Le récit se déroule pendant la seconde guerre mondiale, quand la ville est occupée alternativement par les Italiens et les Grecs avant de passer aux mains des Allemands. Les forces d’occupation imposent le black out et placardent des avis d’interdiction. La cave de la grande maison familiale sert d’abri contre les bombardements à tout le quartier. A la fin de la guerre ce sont les jeunes maquisards communistes qui prennent le pouvoir, remettant en cause le pouvoir traditionnel des anciens :
« Il paraît qu’on fait maintenant une nouvelle sorte de guerre dit [Djedjo]. Je ne sais pas comment ils appellent ça, la lutte aux classes ou la lutte des classes. Ca, pour une guerre, oui, que c’en est une, ma bonne Selfidjé. Pas comme les autres. Les frères s’entre-tuent et le fils abat son père. Et dans sa maison même, à table. Il le fixe un moment dans les yeux, puis lui dit qu’il ne le reconnaît plus comme son père, et lui loge une balle dans la tête.
– C’est la fin de tout ! dit la mère Pino (…)
– Voilà, ma chère Selfidjé, dit Djedjo. Nous croyions en avoir fini avec tous ces troubles, mais à ce qu’il semble, le plus pénible reste encore à endurer. Tu te souviens d’Enver, le fils des Hodja ?
– Celui qui est allé étudier dans le pays des Francs ? Bien sûr que je m’en souviens.
– Moi aussi, dit la mère Pino.
– Eh bien, on dit que c’est lui qui dirige maintenant le combat. Et c’est lui aussi qui a, paraît-il, inventé cette nouvelle guerre dont je te parlais tout à l’heure.
– J’ai de la peine à y croire, dit grand-mère. C’était un garçon si bien élevé ».
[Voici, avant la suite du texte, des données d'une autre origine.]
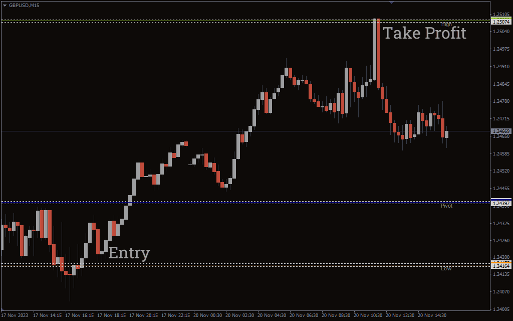 The I Pip Tom Demark Indicator for MT4 plots three lines on the chart. These are a support, resistance, and a pivot. You can use these lines to generate clear trade entry signals.
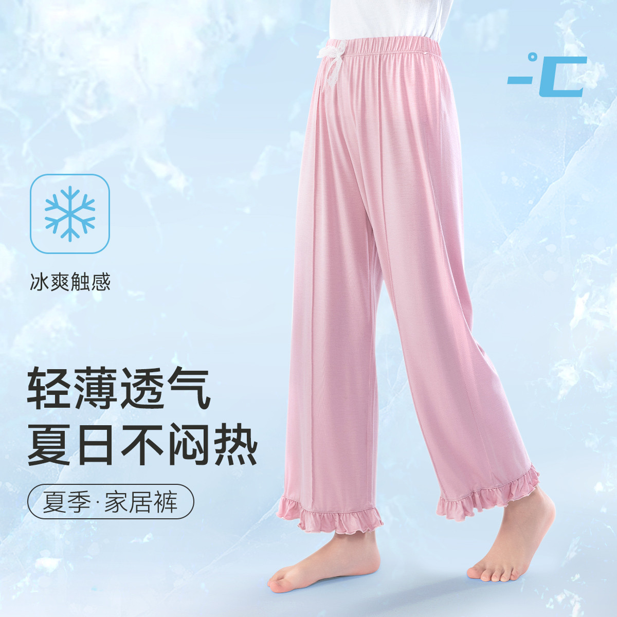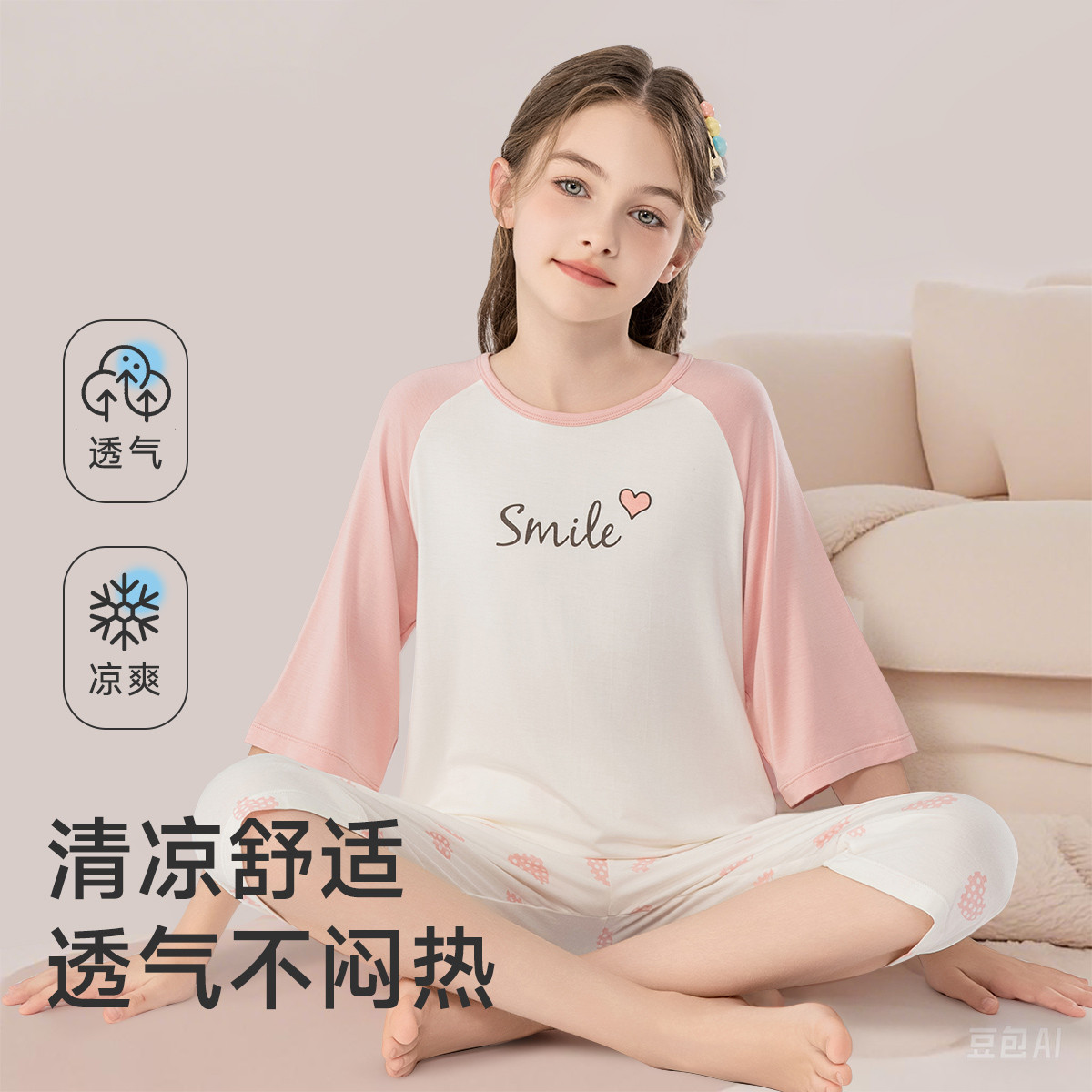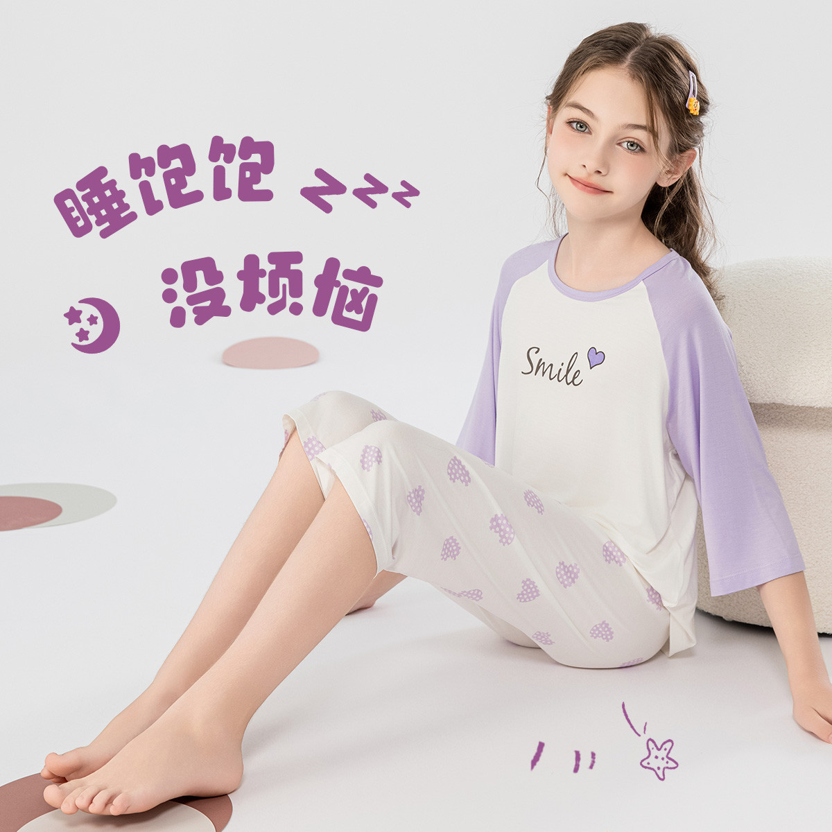 儿童睡衣睡裤夏季薄款冰丝高弹圆领女童家居服套装中大童空调服 086475

Le narrateur vit dans un environnement traversé de merveilleux : les femmes craignent les jeteurs de sorts, prédisent l’avenir à l’occasion ; la ville, la maison, des objets du quotidien sont doués d’une volonté propre. Avec son ami Illyr ils arpentent le quartier tachant de comprendre les événements à l’aune de ce qu’ils voient et entendent. Le jeune garçon est un amoureux des mots attaché à percer leur sens profond. Grâce au frère aîné d’Illyr, un étudiant, il a accès à des livres.
Gjirokastër
J’ai beaucoup apprécié cette lecture que j’ai trouvée souvent drôle même si les événements décrits ne le sont pas toujours. J’ai apprécié ce petit aperçu sur l’histoire albanaise que je connais fort peu. Le texte est par enfin fort bien écrit avec des accents poétiques :
« Le dimanche était uniformément étendu sur la ville. On eût dit que le soleil, projeté sur la terre, avait volé en éclats et que partout, dans les rues, sur les vitres des fenêtres, dans les flaques d’eau et sur les toits, étaient retombés des morceaux de lumière humides. Il me revenait à la mémoire un jour lointain où grand-mère avait écaillé un gros poisson. Ses avants-bras étaient couverts d’écailles. J’avais eu alors l’impression que tout son corps était dimanche. Par contre, quand mon père se mettait en colère,
il était mardi ».
Bien que certains quartiers de Gjirokastër aient encore un aspect très rural cette lecture me permet de participer au défi Sous les pavés les pages, organisé par Ingannmic et Athalie.